Re: [PATCH 11/24] xfs: create incore realtime group structures

[Date Prev][Date Next][Thread Prev][Thread Next][Date Index][Thread Index]

 



On Mon, Aug 26, 2024 at 06:55:58PM -0700, Darrick J. Wong wrote:
> On Tue, Aug 27, 2024 at 10:57:34AM +1000, Dave Chinner wrote:
> > On Mon, Aug 26, 2024 at 12:14:04PM -0700, Darrick J. Wong wrote:
> > > On Mon, Aug 26, 2024 at 09:56:08AM +1000, Dave Chinner wrote:
> > > > On Thu, Aug 22, 2024 at 05:17:31PM -0700, Darrick J. Wong wrote:
> > > > > From: Darrick J. Wong <djwong@xxxxxxxxxx>
> > > > > 
> > > > > Create an incore object that will contain information about a realtime
> > > > > allocation group.  This will eventually enable us to shard the realtime
> > > > > section in a similar manner to how we shard the data section, but for
> > > > > now just a single object for the entire RT subvolume is created.
> > > > > 
> > > > > Signed-off-by: Darrick J. Wong <djwong@xxxxxxxxxx>
> > > > > ---
> > > > >  fs/xfs/Makefile             |    1 
> > > > >  fs/xfs/libxfs/xfs_format.h  |    3 +
> > > > >  fs/xfs/libxfs/xfs_rtgroup.c |  196 ++++++++++++++++++++++++++++++++++++++++
> > > > >  fs/xfs/libxfs/xfs_rtgroup.h |  212 +++++++++++++++++++++++++++++++++++++++++++
> > > > >  fs/xfs/libxfs/xfs_sb.c      |    7 +
> > > > >  fs/xfs/libxfs/xfs_types.h   |    4 +
> > > > >  fs/xfs/xfs_log_recover.c    |   20 ++++
> > > > >  fs/xfs/xfs_mount.c          |   16 +++
> > > > >  fs/xfs/xfs_mount.h          |   14 +++
> > > > >  fs/xfs/xfs_rtalloc.c        |    6 +
> > > > >  fs/xfs/xfs_super.c          |    1 
> > > > >  fs/xfs/xfs_trace.c          |    1 
> > > > >  fs/xfs/xfs_trace.h          |   38 ++++++++
> > > > >  13 files changed, 517 insertions(+), 2 deletions(-)
> > > > >  create mode 100644 fs/xfs/libxfs/xfs_rtgroup.c
> > > > >  create mode 100644 fs/xfs/libxfs/xfs_rtgroup.h
> > > > 
> > > > Ok, how is the global address space for real time extents laid out
> > > > across rt groups? i.e. is it sparse similar to how fsbnos and inode
> > > > numbers are created for the data device like so?
> > > > 
> > > > 	fsbno = (agno << agblklog) | agbno
> > > > 
> > > > Or is it something different?
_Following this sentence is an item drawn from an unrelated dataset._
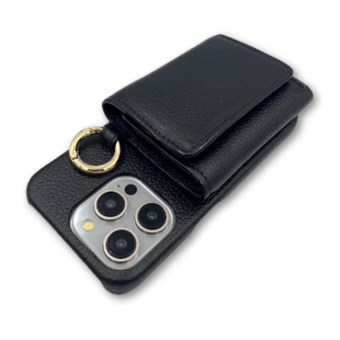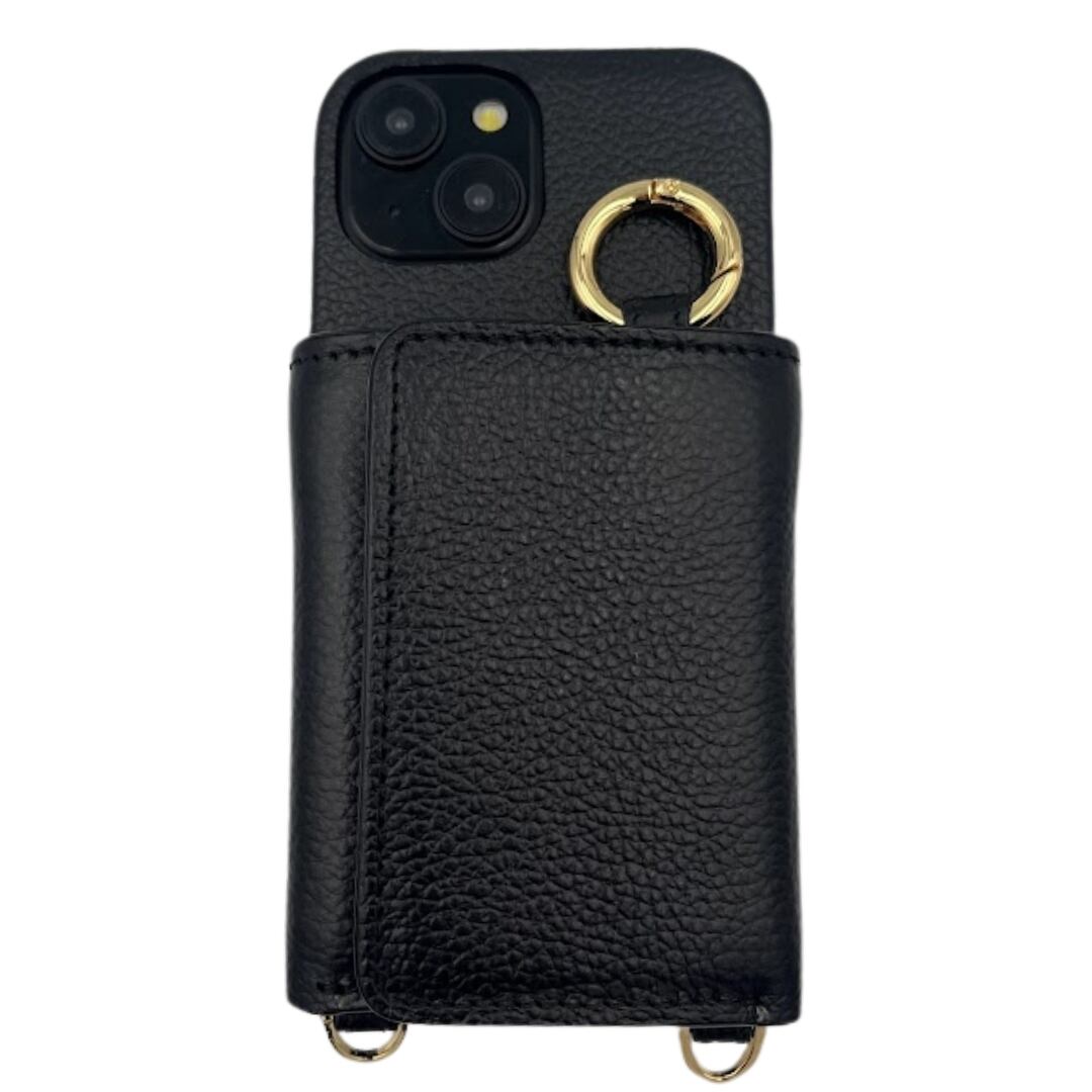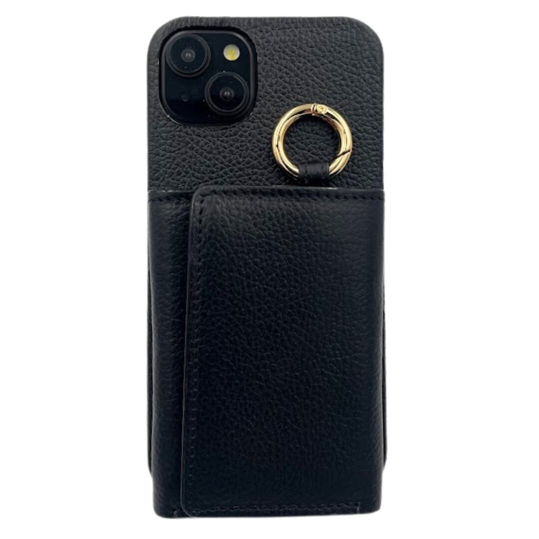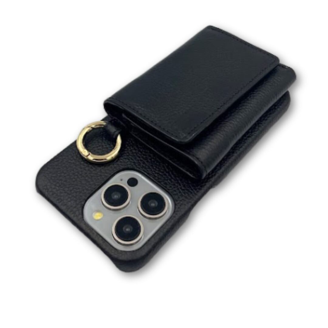 iPhone15 財布 付き ケース ブラック
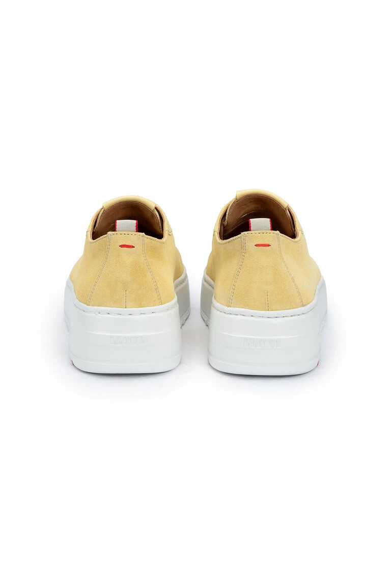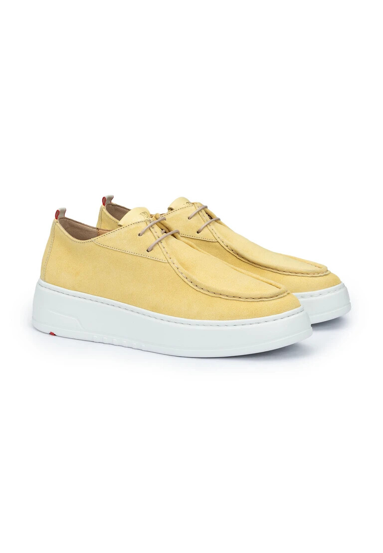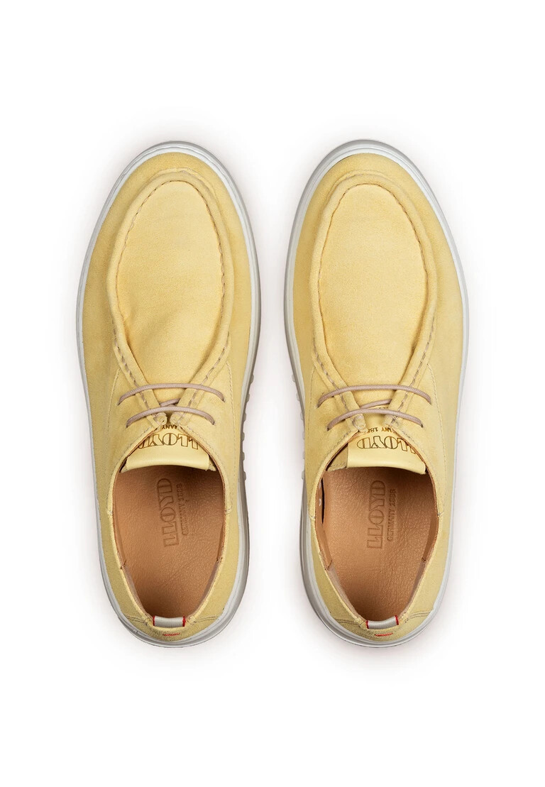 Descubre la LLOYD SNEAKER en amarillo brillante: una pieza que no pasará desapercibida en ningún armario. Esta zapatilla para mujer combina una parte superior de ante de alta calidad con una robusta suela de goma. Los cordones permiten ajustarla individualmente al pie. El interior está forrado con una cómoda mezcla de 60 % cuero y 40 % textil, que proporciona comodidad durante todo el día. La suela de cuero en el interior proporciona mayor comodidad. La zapatilla destaca visualmente por su punta redonda. Ya sea para el tiempo libre o para ocasiones especiales, marcará tendencia con este zapato.

I can't find that defined anywhere in
> > > > this patch, so I can't determine if the unit conversion code and
> > > > validation is correct or not...
> > > 
> > > They're not sparse like fsbnos on the data device, they're laid end to
> > > end.  IOWs, it's a straight linear translation.  If you have an rtgroup
> > > that is 50 blocks long, then rtgroup 1 starts at (50 * blocksize).
> > 
> > Yes, I figured that out later. I think that's less than optimal,
> > because it essentially repeats the problems we have with AGs being
> > fixed size without the potential for fixing it easily. i.e. the
> > global sharded fsbno address space is sparse, so we can actually
> > space out the sparse address regions to allow future flexibility in
> > group size and location work.
> > 
> > By having the rtgroup addressing being purely physical, we're
> > completely stuck with fixed sized rtgroups and there is no way
> > around that. IOWs, the physical address space sharding repeats the
> > existing grow and shrink problems we have with the existing fixed
> > size AGs.
> > 
> > We're discussing how to use the sparse fsbno addressing to allow
> > resizing of AGs, but we will not be able to do that at all with
> > rtgroups as they stand. The limitation is a 64 bit global rt extent
> > address is essential the physical address of the extent in the block
> > device LBA space.
> 
> <nod> I /think/ it's pretty simple to convert the rtgroups rtblock
> numbers to sparse ala xfs_fsblock_t -- all we have to do is make sure
> that mp->m_rgblklog is set to highbit64(rtgroup block count) and then
> delete all the multiply/divide code, just like we do on the data device.
> 
> The thing I *don't* know is how will this affect hch's zoned device
> support -- he's mentioned that rtgroups will eventually have both a size
> and a "capacity" to keep the zones aligned to groups, or groups aligned
> to zones, I don't remember which.  I don't know if segmenting
> br_startblock for rt mappings makes things better or worse for that.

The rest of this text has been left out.